Curiousity and an examination of the human form are traits of Upritchard’s art. The group of dressed figures, which are roughly one metre high and manually sculpted in polymer clay, exhibit the most expressive reflection of the human-like traits. The face, arms, and feet are painted with a geometric pattern or a monochromatic color scheme. The artist’s figures defy easy classification and allow for various readings because they cut across cultures and time. For instance, nobody wears a uniform that would identify them as belonging to a specific occupation. Instead, the clothing is odd.
Upritchard has conducted substantial shape and material experiments more recently, producing a variety of dinosaurs and other creatures from the extracts of wild rubber trees. They seem natural, yet their execution is also massive and terrible. Since some of the rubber works are bronze casts, they are less flexible and suggest a distinct understanding of materiality. The name of the exhibition, A Loose Hold, comes from the wild rubber. It derives from a description of how to work with the material: to feel supple or authentic, it requires a particular speed and looseness.

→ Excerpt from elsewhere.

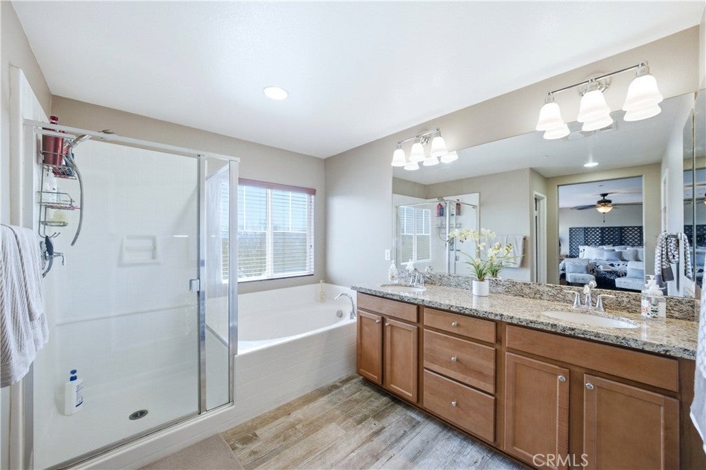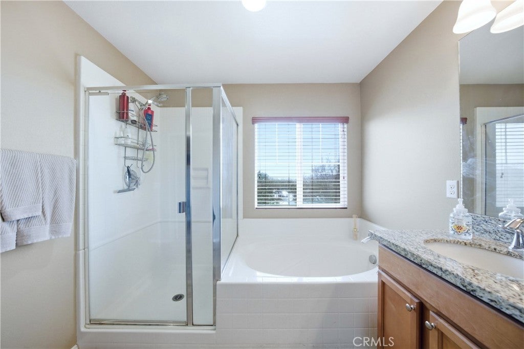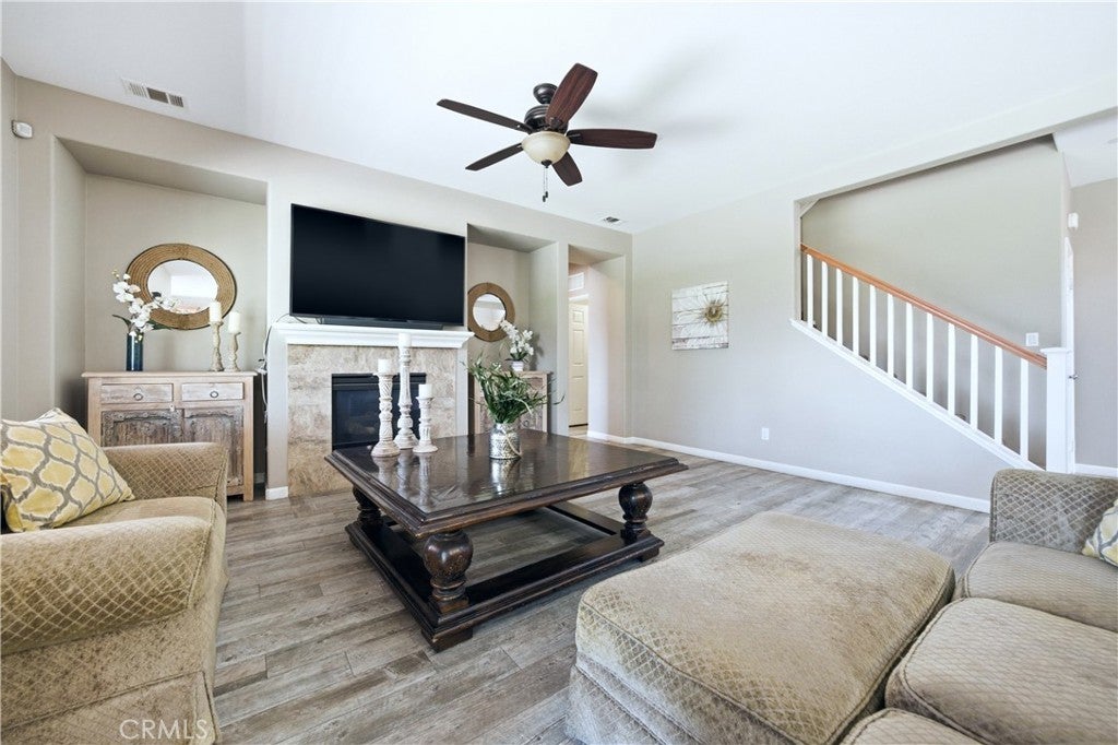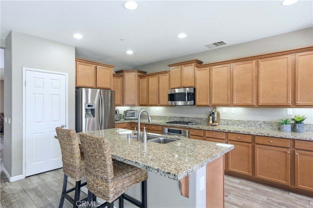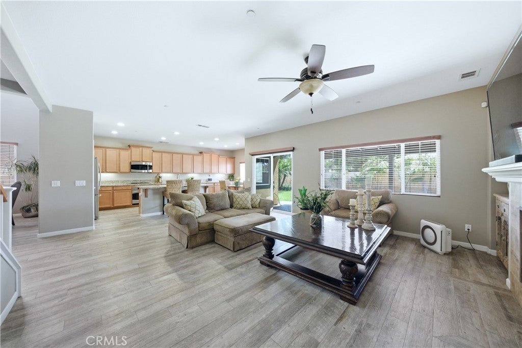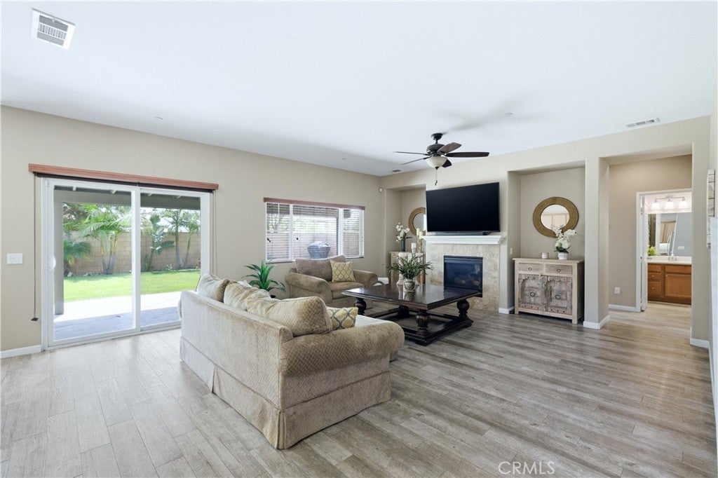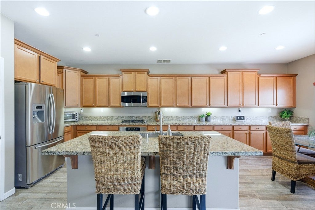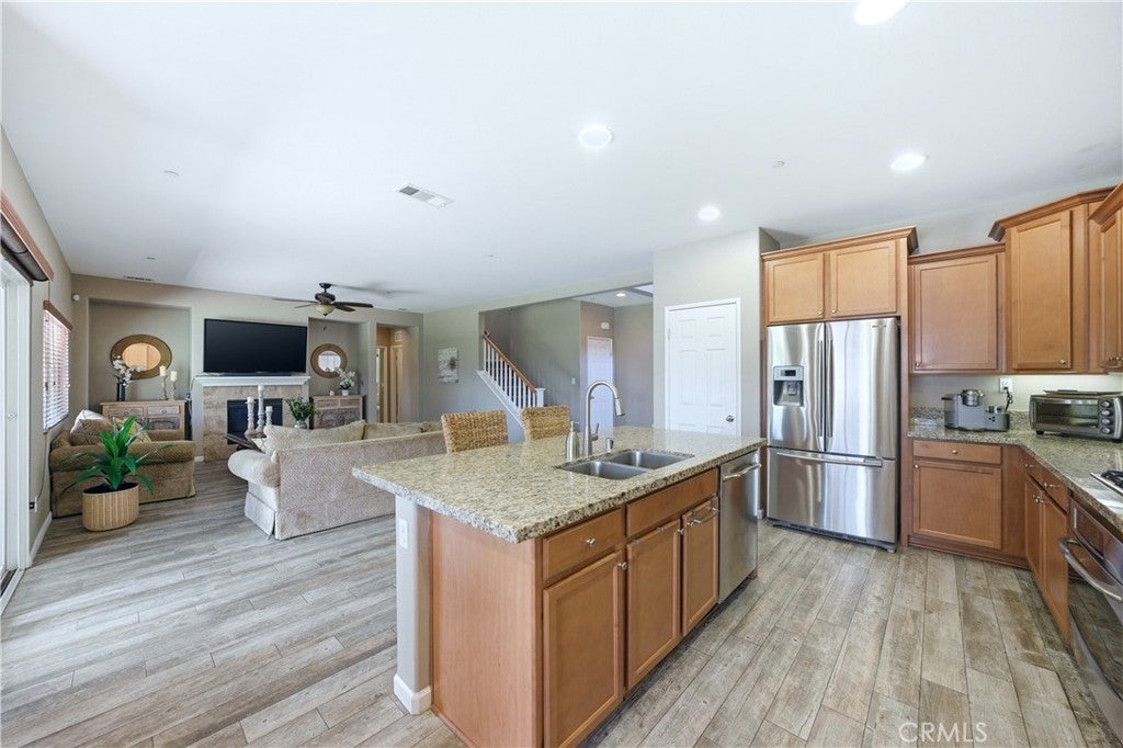 Beautifully Maintained Residence with a Stunning Built-out Kitchen. This impeccably cared-for two-story home reflects true pride of ownership, offering 4 bedrooms and 3 bathrooms + a large loft, within a thoughtfully designed and exceptionally well-kept interior. From the moment you enter, soaring ceilings and abundant natural light highlight the home’s condition and inviting, open-concept layout. At the heart of the home is a beautifully expanded kitchen, designed for both everyday living and elevated entertaining. Featuring rich granite countertops, extended cabinetry, quality finishes, and a seamless flow into the expansive family room. Large windows opening up to the backyard and a cozy fireplace create a warm, connected for gatherings or relaxed evenings at home. The primary suite offers a peaceful retreat with an en-suite bathroom and a generous walk-in closet. A main-level bedroom and full bath provide flexibility for guests or multigenerational living, while the upstairs loft offers additional space for a home office, media room, or creative studio. This loft can also be separated for a 5th bedroom. The backyard has a covered patio and is well-sized and versatile—perfect for entertaining, unwinding, or designing your own outdoor vision, with ample room for a future ADU. Ideally located near parks, shopping, and well-rated schools with convenient freeway access, this home delivers a rare combination of meticulous care, refined style, and everyday livability.

The amazing book Piranesi (2020), written by British author Susanna Clarke, served as another source of inspiration for the exhibition. The story takes place in a home that resembles a parallel dimension with an endless number of halls and atriums that progressively rob visitors of their memories. It is a very vivid book that describes numerous enormous statues in addition to other features of the mansion, such its steps. We discover traces that remind us of Clarke’s fictitious home in the show. Unlike archetypal portrayals, the sculptures in the spacious Salle Poma are things that anyone, regardless of gender or age, can interpret in their own ways. Depending on the viewer’s attitude, a scene may be frightening or pleasant.
The artist’s first solo show in Switzerland is titled A Loose Hold. With a few exceptions, all of the works—more than 100 in total—were produced specifically for Upritchard’s solo exhibition in Biel. With writings by Stefanie Gschwend and the 12-year-old LPPL, a monographic publication in three languages—English, German, and French—will be released in conjunction with the show.